Where Are My People? A Blessing for Belonging and Purpose

By Paul Dunion | May 14, 2019

There are many life questions.

Some will lead you to find sustenance;

some, where to work, where to live,

and some where to grow old.

Your soul continues to live one

question, even when there’s no

apparent way to get your attention:

Where are my People?

For millennia upon millennia,

a sensibility to your survival kept

you close to this soulful question.

Living the question: Where are my

People? helped you to hold the faith

that your tomorrow was more likely

to greet you, when accompanied

by your People.

Those ancient times saw you pretend

less about dangers lurking close by.

Your aloneness knew an impending

peril. A solitary path meant you were

more susceptible to be overcome by

forces larger than you. You carried

your vulnerability and fragility closer

to your chest.

Gradually, you no longer needed to

grow your own food, creating shelters

to protect you from the elements or

some menacing adversary. As your

bodily needs were meant, a veneration

of your self-reliance had you forgetting

to ask: Where are my People?

There is still time.

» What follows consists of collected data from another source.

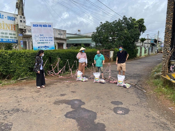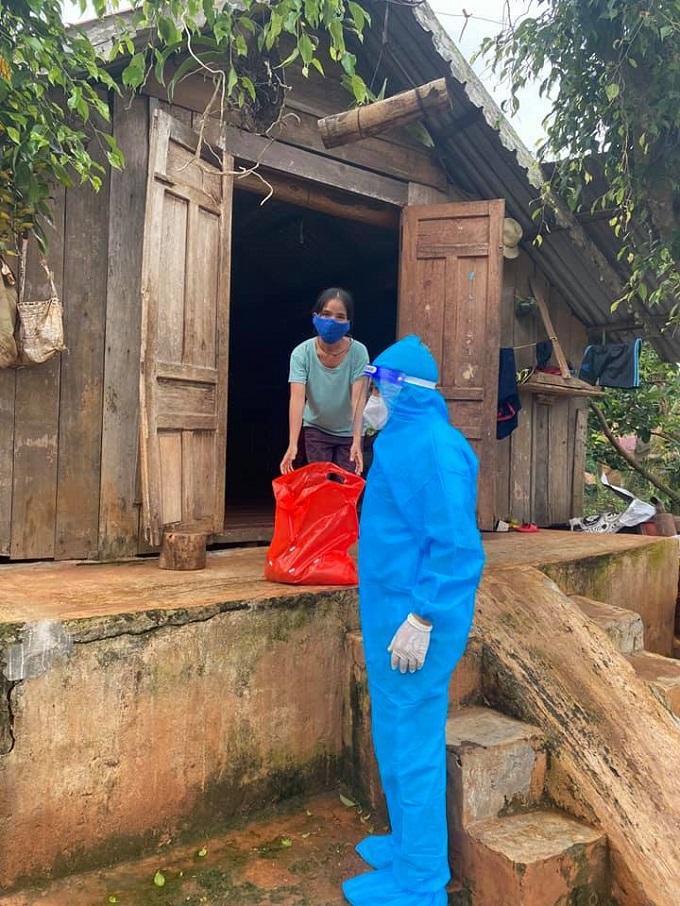 Tình nguyện viên trao quà cho người dân khu phong tỏa xã Ea Drông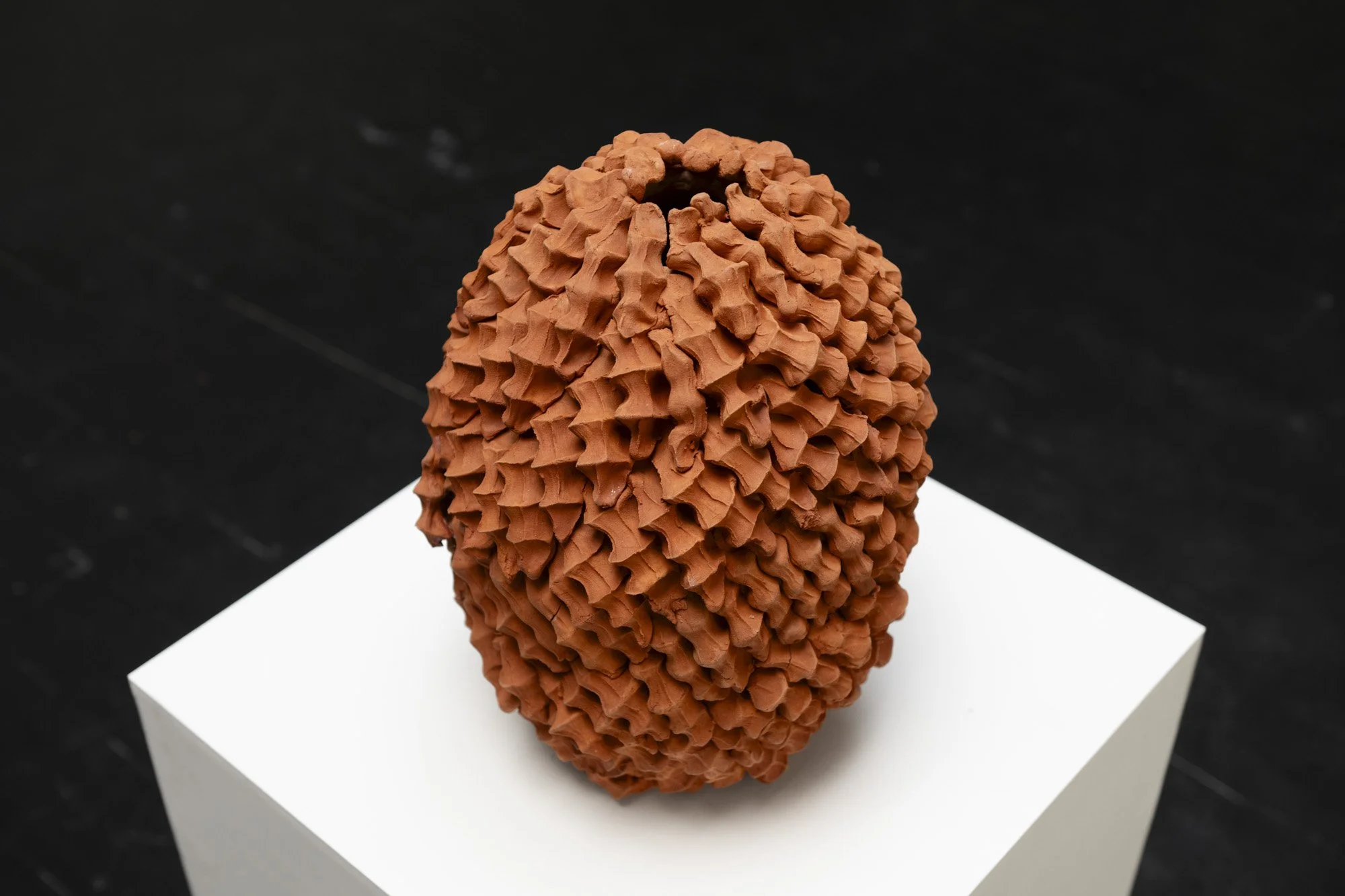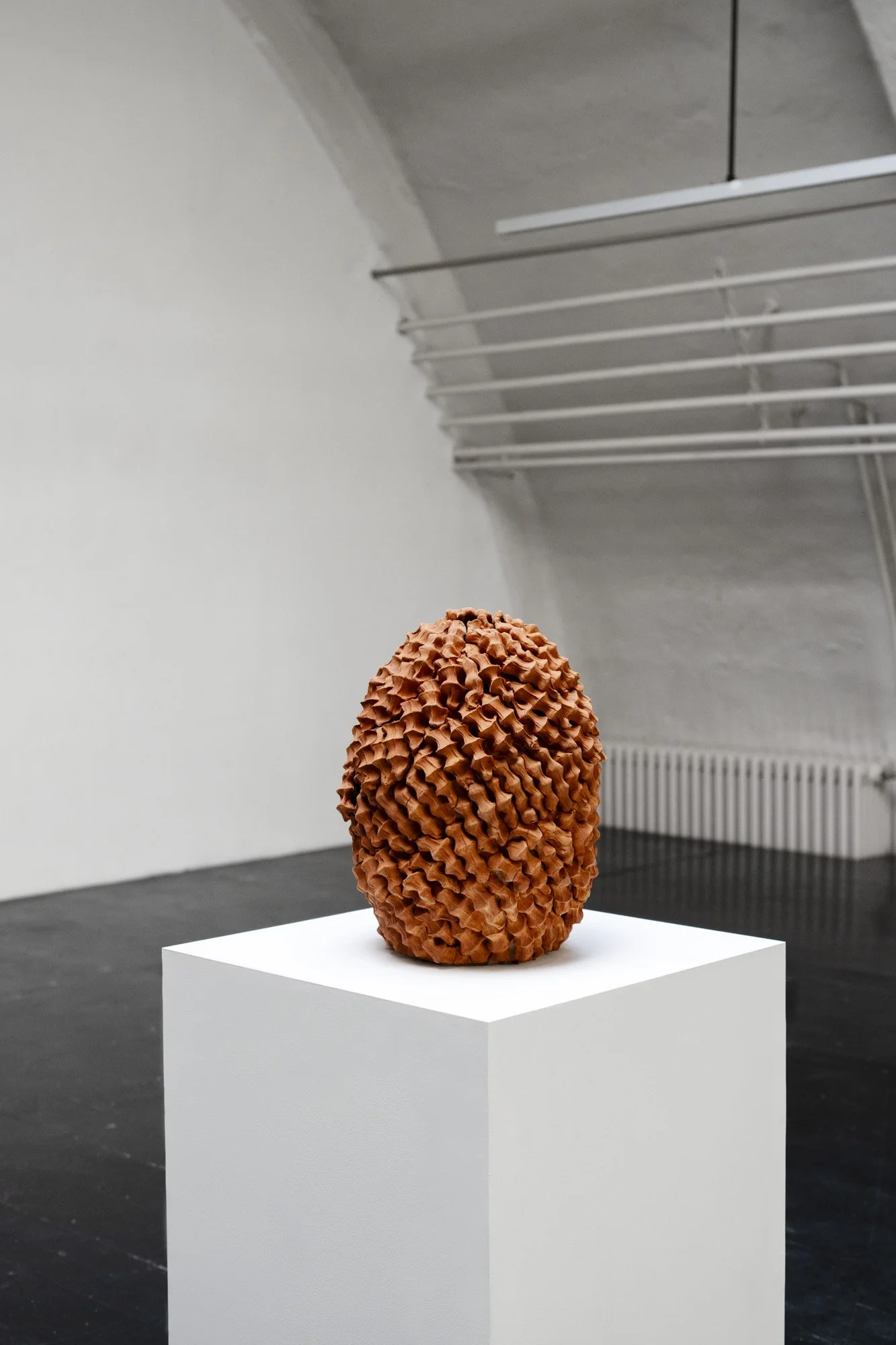 Verket er utviklet gjennom systematisk repetisjon av et håndformet element som bygger et samlet, kompakt volum. Tetthet og lagvis oppbygging bærer strukturen. Utviklet under legatopphold ved Guldagergaard International Ceramic Research Center.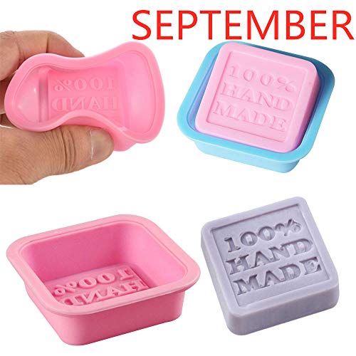 September, set da 10 pezzi di formine da sapone con scritta 100% Hand Made, per dolci, caramelle, cioccolata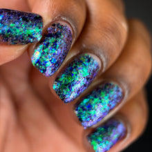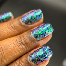 blue to black multichrome flakes with iridescent green to blue flakes and blue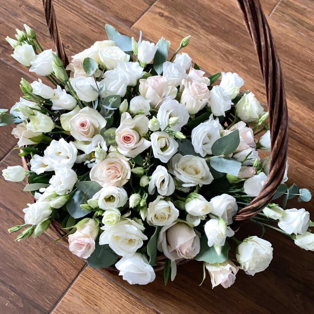 Корзина из роз и лизиантуса с эвкалиптом
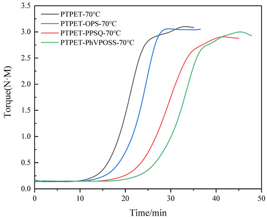 In order to study the influence of different additives on the click chemistry reaction between azide and alkyne, torque versus time curves for PTPET, PTPET-PPSQ, PTPET-OPS and PTPET-PhVPOSS prepared at 70 °C are shown in Figure 5. Figure 6 shows the conversion rate–time curve of PTPET elastomer and three composites. Compared to the process of preparing PTPET elastomer, all three click chemistry reactions with additives generally exhibited similar S-shaped curves during the entire reaction process. The click chemistry reactions could be clearly seen to have three stages: In the initial stable stage, the raw materials ATPET, GAP, catalyst C2610 and flame retardant are heated and sheared for a better mixing condition. Differences in the rate of temperature increase could be clearly observed after the additives were added. The system with OPS has the highest rate of temperature increase. The middle reaction accelerating stage where the torque increases significantly indicates the most rapid click chemistry reaction between ATPET and GAP. It could be observed that the click chemistry reaction is barely affected by the additives since all three systems could still react rapidly. The final stable stage where the torque values remain at a high level indicates that the reaction approaches the end. The torque as the parameter of the reaction extent could be used to compare the reaction with different additives. For PTPET-OPS, the accelerating period is dramatically steep, and the reaction is completed in 27 min and remains stable as the click chemistry approaches the end. The polymerization of PTPET-PPSQ and PTPET-PhVPOSS composites was delayed compared to that of the PTPET-OPS. At the end of the polymerization, PTPET-PPSQ and PTPET-PhVPOSS composites seem to degrade according to the reduction in torque.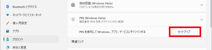 4. 「 PIN ( Windows Hello ) 」 欄 [ セットアップ ] をクリックします。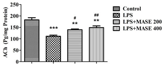 Effect of methanolic Ajwa seed extract (MASE) on brain acetylcholine (ACh) levels of LPS-induced rats. The results are expressed by mean ± SEM (n = 6). One-way ANOVA [F(3,20) = 19.59, p < 0.001] followed by the Tukey–Kramer multiple comparisons test for comparisons within the groups. ** p < 0.01 and *** p < 0.001 as compared to the control group; # p < 0.05 and ## p < 0.01 as compared to LPS-induced group.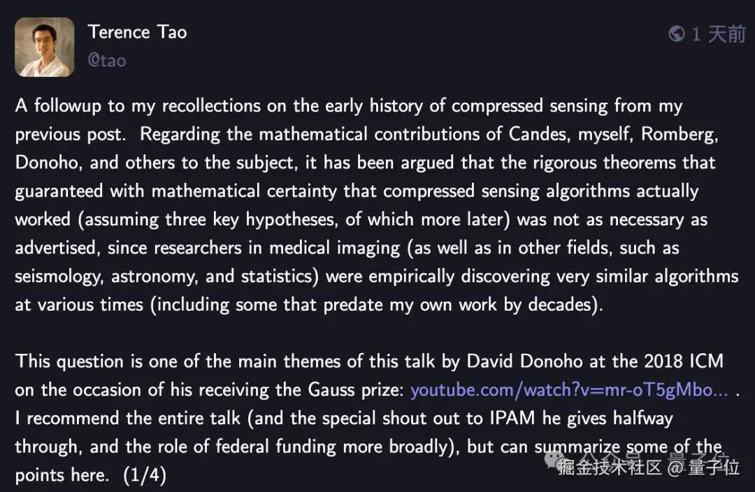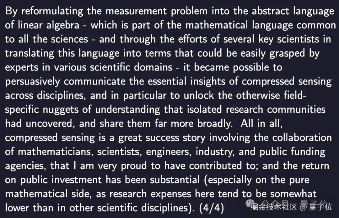 他又开新帖,洋洋洒洒,以自己曾参与推动的 “压缩感知” 研究为例,力证公共投资在数学领域的回报是怎样一点点累积出来、并最终改写现实世界的。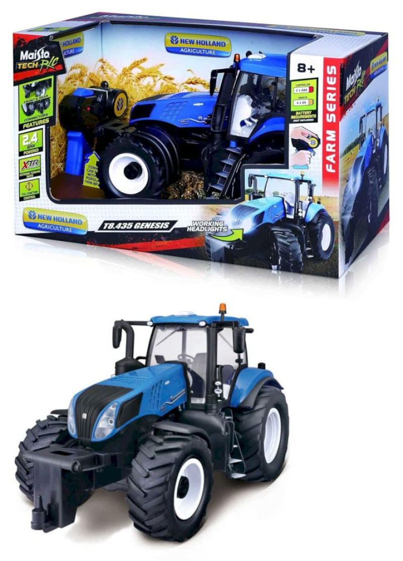 Trator T8.435 Genesis New HollandMarca do produto: Maisto.Coleção: Maisto Tech R/C - Farm SeriesTamanho: Aproximadamente 32 cm de comprimento.Pneus de Borracha.Controle Remoto com função total. Frequência 2.4Ghz.Funciona com 4 pilhas AA para o veículo e 2 pilhas AAA para o controle (não inclusas)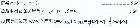 又|AM|=|BM|=2,|PA|=|PB|, 所以S=2|PA|, ﹍﹍﹍﹍﹍﹍﹍8分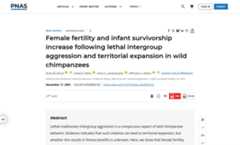 Female fertility and infant survivorship increase following lethal intergroup aggression and territorial expansion in wild chimpanzees | PNAS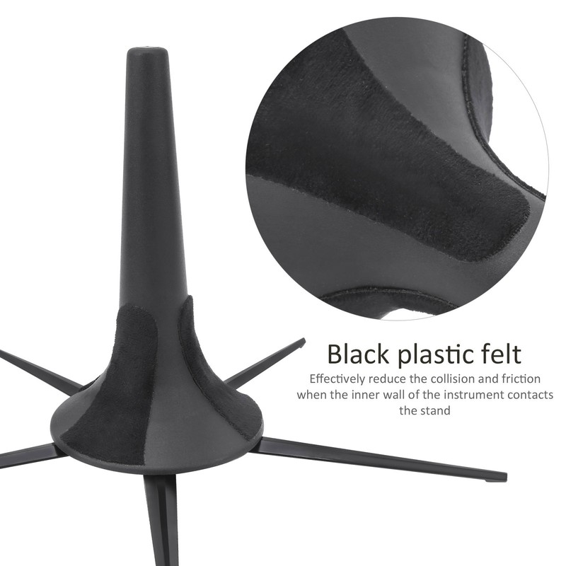 1、The removable metal stand with rotating screws can be folded into the bell mouth of the instrument. 2、Black plastic felt, which effectively reduces the collision and friction when the inner wall of the instrument contacts the stand, and also plays a role of anti‑slip. 3、Easy to carry, detachable bracket, fast folding, convenient and time‑saving, durable and reliable. 4、After being detachable, it can be stored in the base or placed in the bell mouth, so it does not take up space. 5、Metal bracket, not easy to shake, more stable, to bring more stable protection to your instrument.

You may be moved

and touched now by this soul question.

It can still make its way to the surface like

the crocus knowing its destination for a

rendezvous with the light. It pushes its

way through hardened soil, sticks

and stones. You may ask, why now?

Why not continue to believe in

the alleged sovereignty of the ego?

Ask now because your life depends

upon it. The soul longs for connection

to your People, where you belong. 

Where are my People? invites you

to step into the mysteries of yourself

others, Nature and your God.

The question: Where are my People?

is relational compost. It yields a new

growing season. Your apprenticeship

to loving broadens and deepens.

There are perennial buds of giving

and receiving, the thorns of conflict

are less pronounced as the sweetness

of resolution permeates the air.

Where are my People? This question

guides your aging. You come to know

whom you are meant to serve. Your

gifts find hearts hungry for your offering.

Your purpose loses its opaqueness,

becoming ever so clear with the pulse

of your offering. Your task is to hold

the faith that your People are waiting

for you.

Posted in

1 Comments

  1. Jody Grose on May 15, 2019 at 11:07 am

    Paul you have once again touched upon the very question I sit with; Where are my people and whom do I serve now in my life?